- **Data for the task**:
• • •

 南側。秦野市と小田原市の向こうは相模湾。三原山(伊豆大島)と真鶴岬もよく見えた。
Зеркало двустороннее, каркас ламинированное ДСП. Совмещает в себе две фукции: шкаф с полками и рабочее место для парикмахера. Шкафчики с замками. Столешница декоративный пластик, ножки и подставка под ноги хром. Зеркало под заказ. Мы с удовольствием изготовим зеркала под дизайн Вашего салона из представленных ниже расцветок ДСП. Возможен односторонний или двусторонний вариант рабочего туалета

• • •

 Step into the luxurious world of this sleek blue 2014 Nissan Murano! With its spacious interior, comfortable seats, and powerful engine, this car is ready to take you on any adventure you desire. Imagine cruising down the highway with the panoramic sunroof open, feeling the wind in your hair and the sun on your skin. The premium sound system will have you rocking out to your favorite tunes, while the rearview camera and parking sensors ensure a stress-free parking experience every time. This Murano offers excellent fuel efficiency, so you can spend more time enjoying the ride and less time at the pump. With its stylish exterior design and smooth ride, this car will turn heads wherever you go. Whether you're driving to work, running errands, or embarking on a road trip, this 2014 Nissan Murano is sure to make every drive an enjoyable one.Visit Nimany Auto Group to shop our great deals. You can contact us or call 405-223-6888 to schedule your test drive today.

• • •

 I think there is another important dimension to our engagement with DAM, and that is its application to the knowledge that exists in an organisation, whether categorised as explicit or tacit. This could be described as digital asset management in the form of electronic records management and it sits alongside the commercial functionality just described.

• • •

- **What the exercise asks**: Among the lines above, find the one with "南側。秦野市と小田原市の向こ" and the one with "Зеркало двустороннее, каркас". Quote both and everything between them, exactly.

- **Task solution**:
 南側。秦野市と小田原市の向こうは相模湾。三原山(伊豆大島)と真鶴岬もよく見えた。
Зеркало двустороннее, каркас ламинированное ДСП. Совмещает в себе две фукции: шкаф с полками и рабочее место для парикмахера. Шкафчики с замками. Столешница декоративный пластик, ножки и подставка под ноги хром. Зеркало под заказ. Мы с удовольствием изготовим зеркала под дизайн Вашего салона из представленных ниже расцветок ДСП. Возможен односторонний или двусторонний вариант рабочего туалета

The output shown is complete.